### Input data

========================

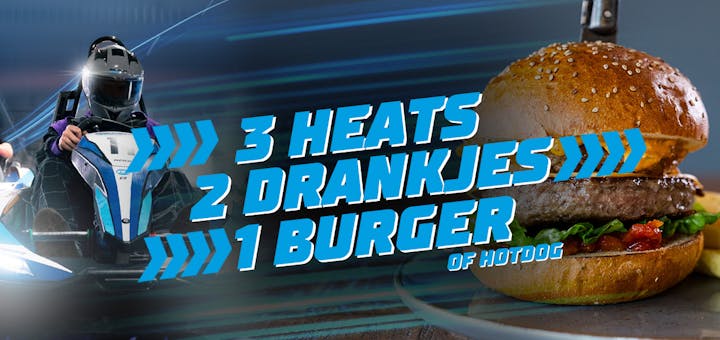 3 keer karten, 2 drankjes en 1 pizza. Het ultieme pakket voor een middag of avond karten met vrienden. Elke coureur neemt deel aan drie sessies van 12 minuten. Tussen elke sessie heb je een korte pauze om even op adem te komen en je klaar te maken voor de volgende sessie. Kijk hoe andere het doen en verbeter elke sessie je tijden! Je 2 drankjes kan je tussendoor consumeren of na het karten samen met je burger of hotdog!
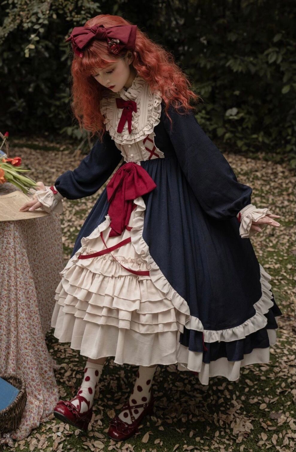 送料無料【即納】♡森ガールロリータのお人形さんドレス♡プリンセス お茶会 お嬢様 クラシカル フリル ビクトリア調整 ルネサンス ワンピース ワンピ ロリータ
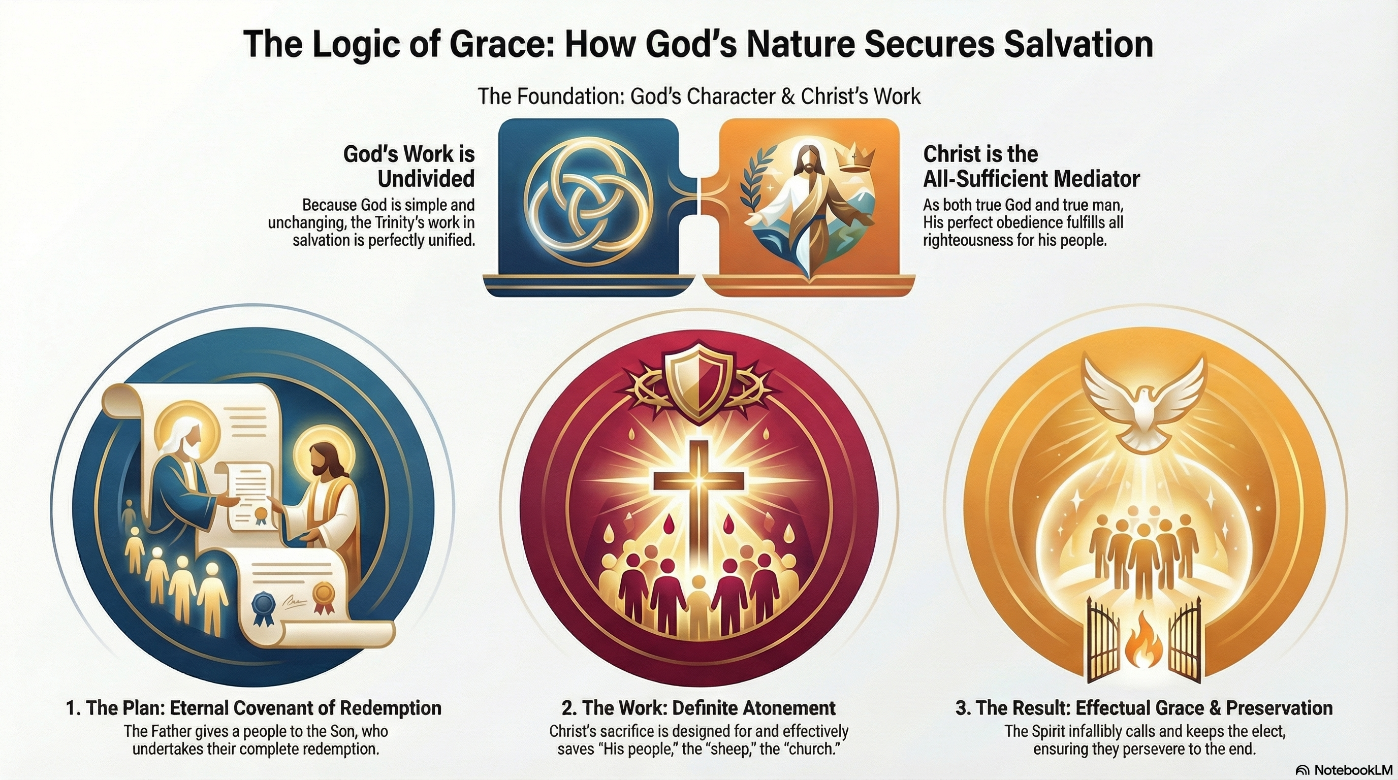 Covenant Theology does not overlay Scripture with a foreign scheme; it exposes the frame Scripture itself declares. Thus theology proper (who God is) and Christology (who the Mediator is) cohere with salvation by grace alone. Because the one God is simple and the Trinity works indivisibly ad extra, the decree of the Father, the redemption accomplished by the Son, and the application by the Spirit intend and secure the same people. Scripture joins these without remainder: those foreknown and predestinated are effectually called, justified, and glorified (Romans 8:29–30); the Son has authority to give eternal life “to as many as thou hast given him” (John 17:2, 9); and the Spirit sanctifies those chosen “to salvation through sanctification of the Spirit and belief of the truth,” by the gospel call (2 Thessalonians 2:13–14). Therefore New-Covenant promises are effectual realities, not bare offers, for God writes His law on the heart, ensures saving knowledge of Himself, and remembers sin no more (Hebrews 8:10–12; Jeremiah 31:33–34). This summary accords with the Westminster Confession of Faith, especially chapters II–III and VIII.

========================

### Requirement
A word-for-word restatement of all the lines above is needed, with the pictures omitted.

### Final answer
 3 keer karten, 2 drankjes en 1 pizza. Het ultieme pakket voor een middag of avond karten met vrienden. Elke coureur neemt deel aan drie sessies van 12 minuten. Tussen elke sessie heb je een korte pauze om even op adem te komen en je klaar te maken voor de volgende sessie. Kijk hoe andere het doen en verbeter elke sessie je tijden! Je 2 drankjes kan je tussendoor consumeren of na het karten samen met je burger of hotdog!
 送料無料【即納】♡森ガールロリータのお人形さんドレス♡プリンセス お茶会 お嬢様 クラシカル フリル ビクトリア調整 ルネサンス ワンピース ワンピ ロリータ
 Covenant Theology does not overlay Scripture with a foreign scheme; it exposes the frame Scripture itself declares. Thus theology proper (who God is) and Christology (who the Mediator is) cohere with salvation by grace alone. Because the one God is simple and the Trinity works indivisibly ad extra, the decree of the Father, the redemption accomplished by the Son, and the application by the Spirit intend and secure the same people. Scripture joins these without remainder: those foreknown and predestinated are effectually called, justified, and glorified (Romans 8:29–30); the Son has authority to give eternal life “to as many as thou hast given him” (John 17:2, 9); and the Spirit sanctifies those chosen “to salvation through sanctification of the Spirit and belief of the truth,” by the gospel call (2 Thessalonians 2:13–14). Therefore New-Covenant promises are effectual realities, not bare offers, for God writes His law on the heart, ensures saving knowledge of Himself, and remembers sin no more (Hebrews 8:10–12; Jeremiah 31:33–34). This summary accords with the Westminster Confession of Faith, especially chapters II–III and VIII.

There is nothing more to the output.